• Source data
BEGIN

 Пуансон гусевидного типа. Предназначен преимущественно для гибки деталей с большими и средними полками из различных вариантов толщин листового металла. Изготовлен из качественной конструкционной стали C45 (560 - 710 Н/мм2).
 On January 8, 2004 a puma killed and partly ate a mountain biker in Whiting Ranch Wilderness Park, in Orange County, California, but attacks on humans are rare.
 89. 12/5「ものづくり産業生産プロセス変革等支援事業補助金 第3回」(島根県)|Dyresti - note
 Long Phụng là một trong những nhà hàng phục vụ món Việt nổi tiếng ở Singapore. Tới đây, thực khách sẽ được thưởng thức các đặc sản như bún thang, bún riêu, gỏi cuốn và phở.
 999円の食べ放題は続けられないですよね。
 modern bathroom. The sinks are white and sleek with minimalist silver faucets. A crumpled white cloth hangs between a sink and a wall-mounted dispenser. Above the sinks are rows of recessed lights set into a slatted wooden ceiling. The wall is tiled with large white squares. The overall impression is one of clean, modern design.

END
BEGIN

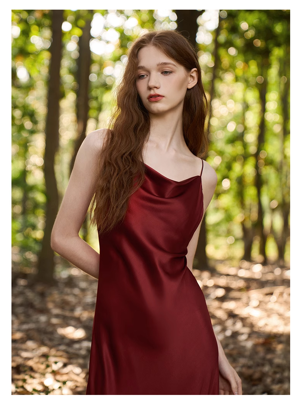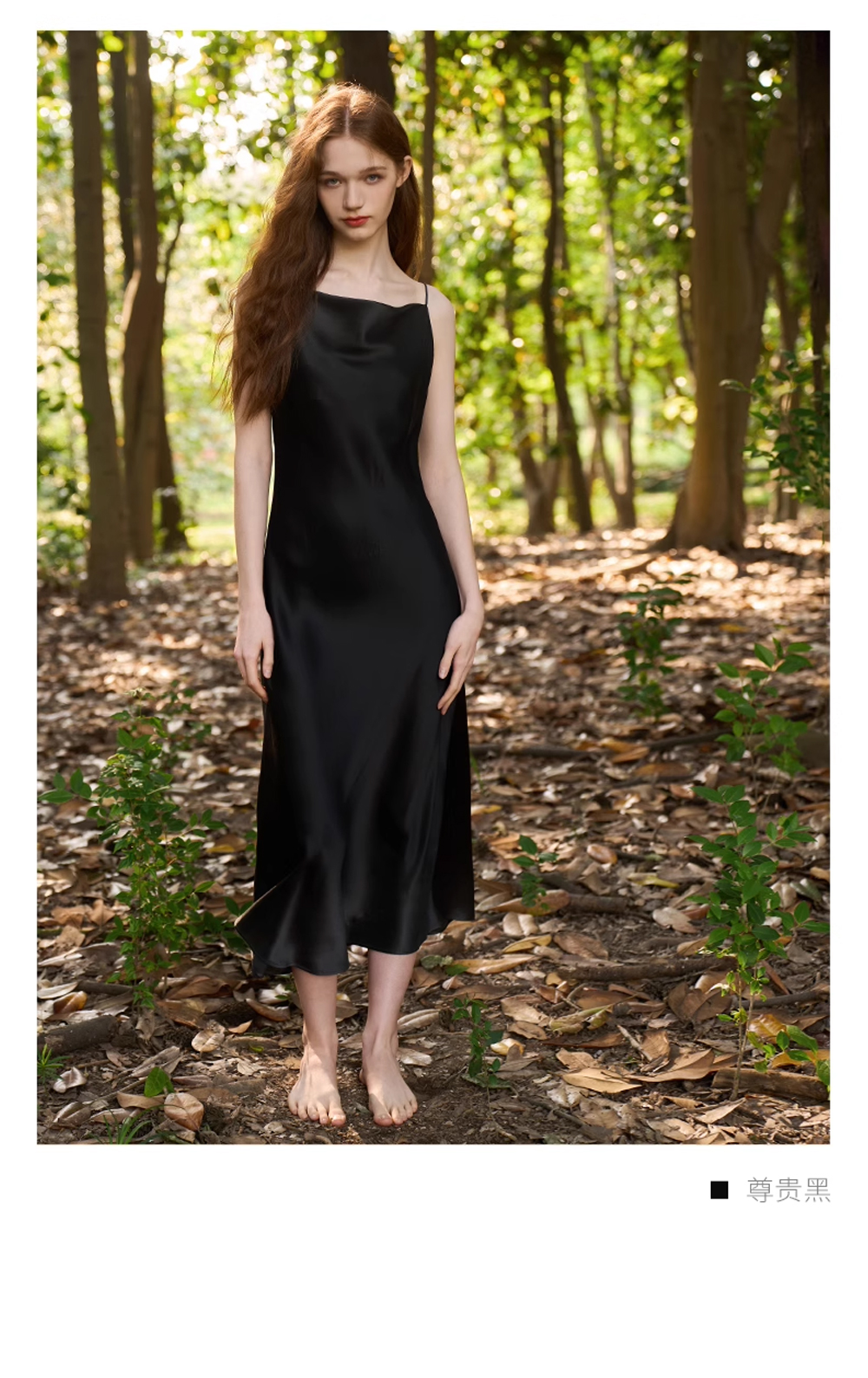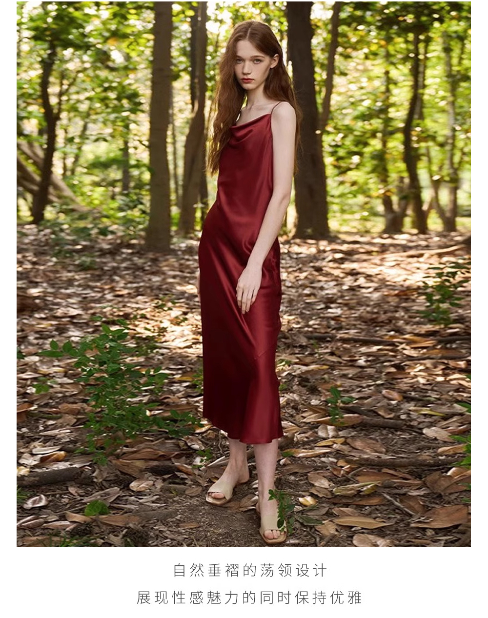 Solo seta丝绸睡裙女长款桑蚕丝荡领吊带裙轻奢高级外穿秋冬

END
BEGIN

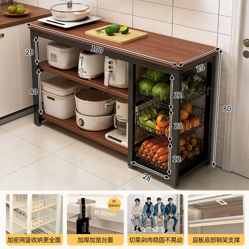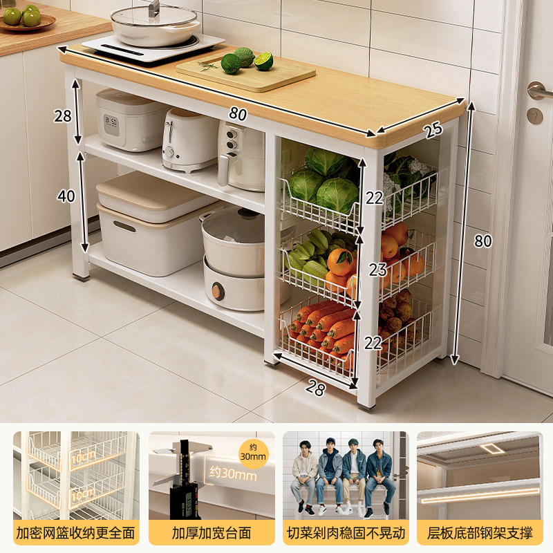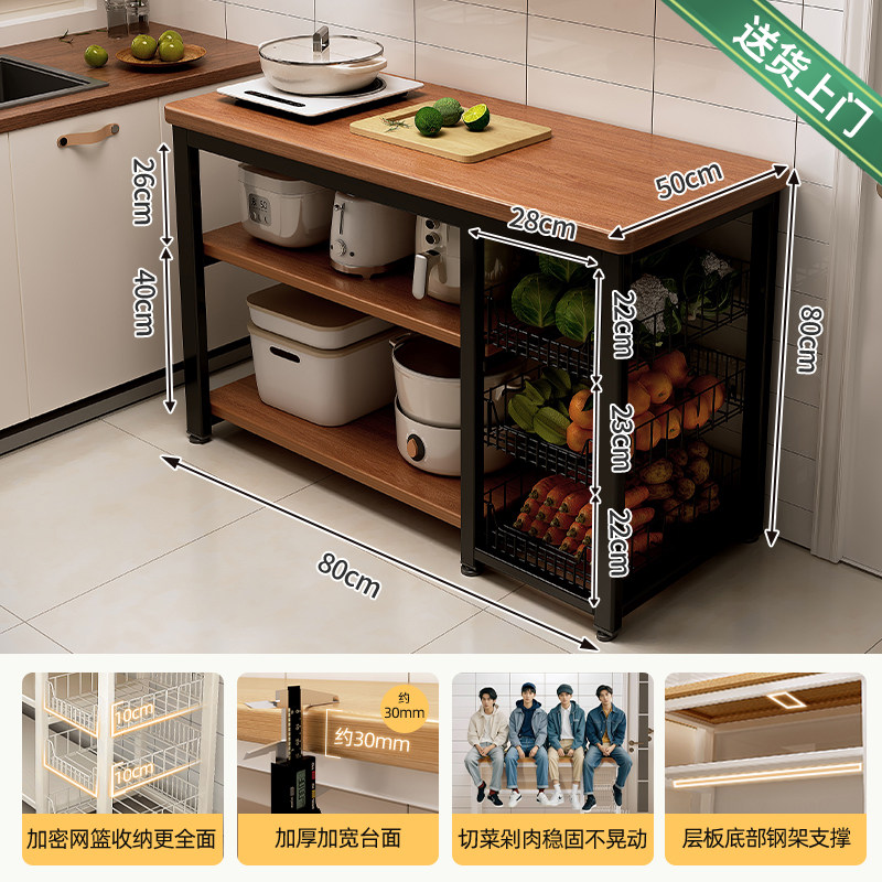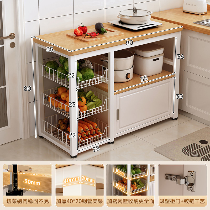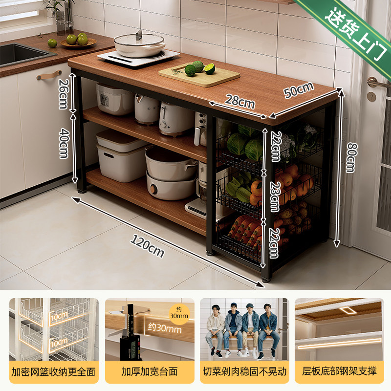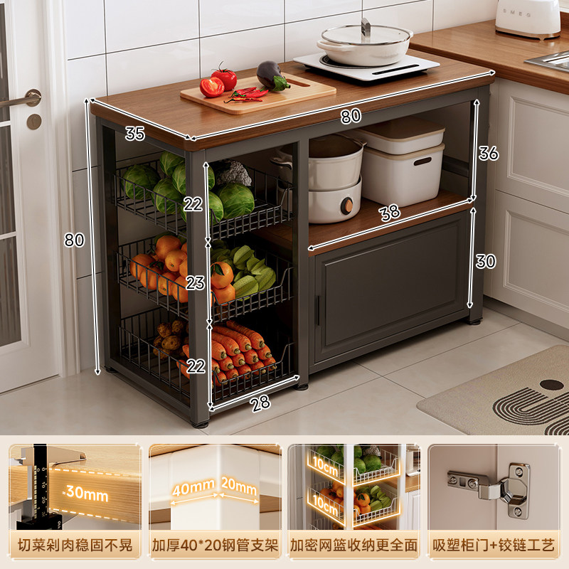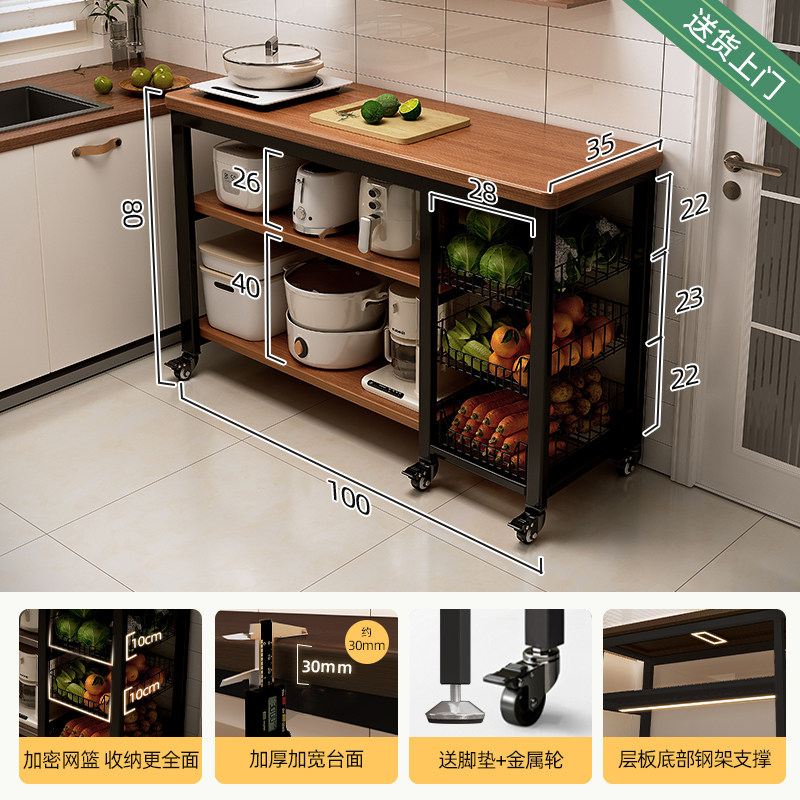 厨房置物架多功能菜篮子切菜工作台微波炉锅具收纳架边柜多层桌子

END

• About this exercise
Look above for the line with "Long Phụng là" and the line with "modern bathroom. The". Retype those two lines and every line between them exactly, adding nothing.

• Answer space
 Long Phụng là một trong những nhà hàng phục vụ món Việt nổi tiếng ở Singapore. Tới đây, thực khách sẽ được thưởng thức các đặc sản như bún thang, bún riêu, gỏi cuốn và phở.
 999円の食べ放題は続けられないですよね。
 modern bathroom. The sinks are white and sleek with minimalist silver faucets. A crumpled white cloth hangs between a sink and a wall-mounted dispenser. Above the sinks are rows of recessed lights set into a slatted wooden ceiling. The wall is tiled with large white squares. The overall impression is one of clean, modern design.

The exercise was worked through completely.